§ **Records for processing**
═══

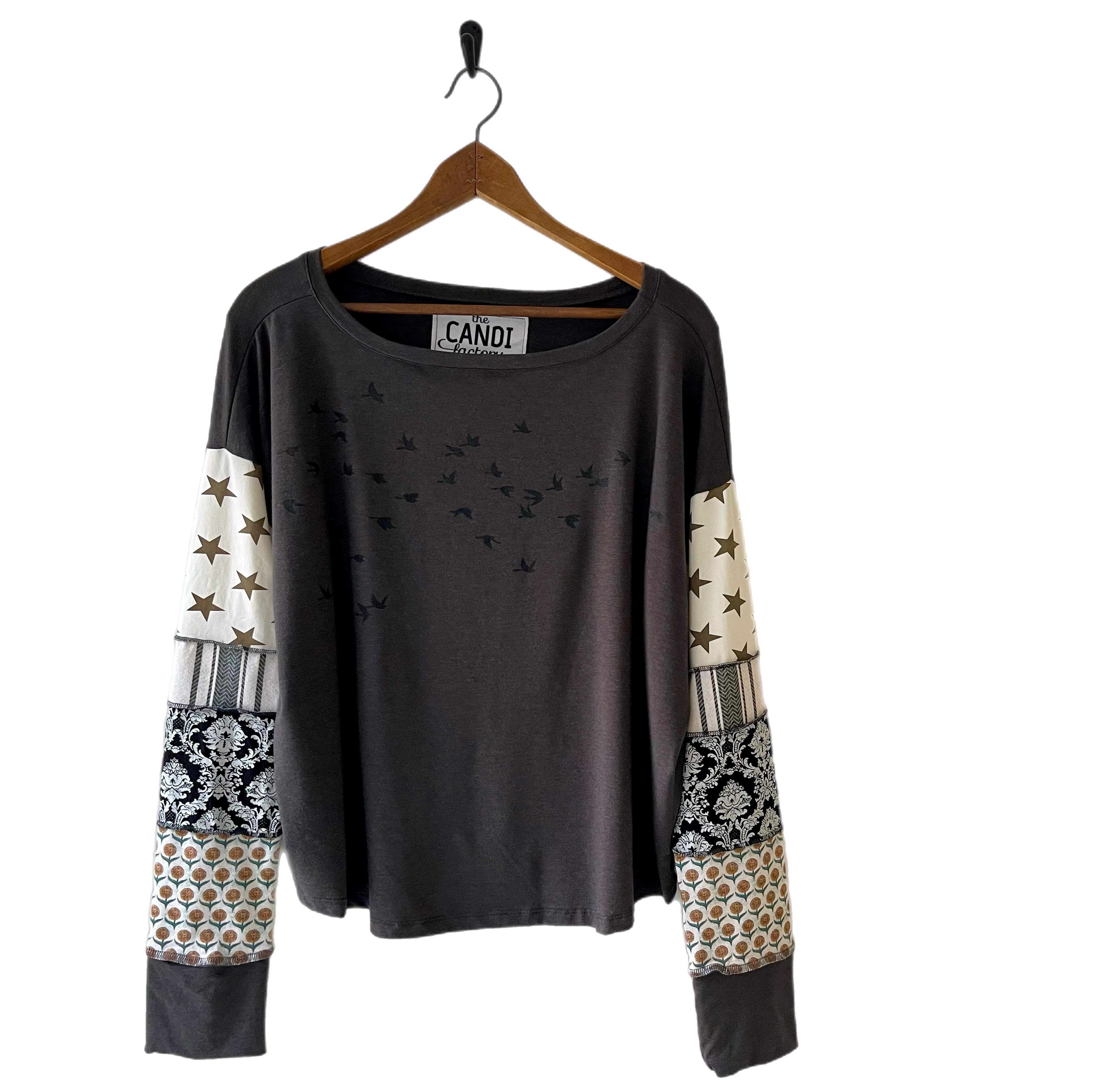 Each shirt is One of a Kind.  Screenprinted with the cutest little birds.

═══

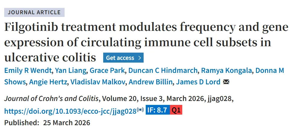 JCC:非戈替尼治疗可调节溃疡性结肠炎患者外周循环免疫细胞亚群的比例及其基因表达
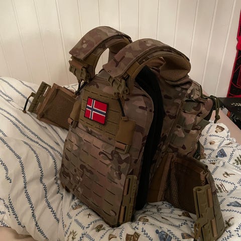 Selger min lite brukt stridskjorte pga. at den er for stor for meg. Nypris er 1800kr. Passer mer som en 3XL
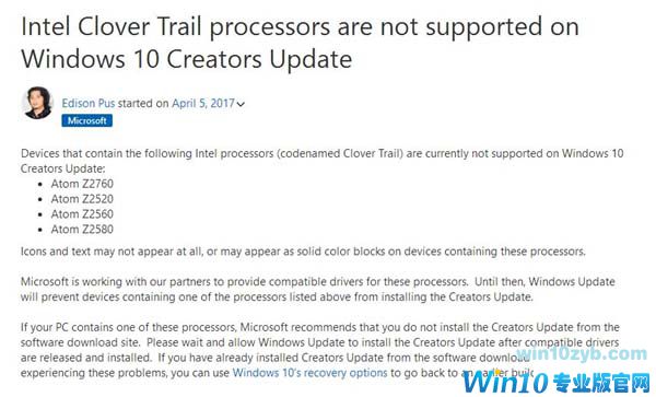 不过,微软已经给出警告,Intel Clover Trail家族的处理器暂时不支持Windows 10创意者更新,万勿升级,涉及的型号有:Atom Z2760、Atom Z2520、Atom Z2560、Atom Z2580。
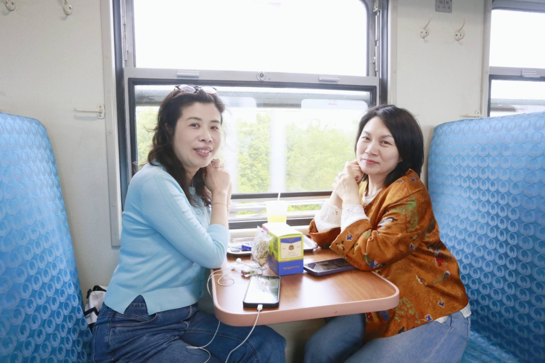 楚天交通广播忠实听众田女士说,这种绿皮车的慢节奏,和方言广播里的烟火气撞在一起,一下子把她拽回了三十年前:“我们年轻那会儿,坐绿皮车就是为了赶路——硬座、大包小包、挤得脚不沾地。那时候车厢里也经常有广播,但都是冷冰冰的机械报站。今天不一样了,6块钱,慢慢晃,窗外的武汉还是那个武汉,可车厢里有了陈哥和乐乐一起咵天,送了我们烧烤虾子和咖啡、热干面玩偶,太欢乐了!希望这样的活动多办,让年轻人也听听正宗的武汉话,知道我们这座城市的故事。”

═══

§ **Task description**
Output exactly the lines of the listing above that start with the one holding "Selger min lite" and go on through the one holding "不过,微软已经给出警告,Intel Clover Trail家族的处理器暂时不支持Windows"; leave the pictures out.

§ **Task output**
 Selger min lite brukt stridskjorte pga. at den er for stor for meg. Nypris er 1800kr. Passer mer som en 3XL
 不过,微软已经给出警告,Intel Clover Trail家族的处理器暂时不支持Windows 10创意者更新,万勿升级,涉及的型号有:Atom Z2760、Atom Z2520、Atom Z2560、Atom Z2580。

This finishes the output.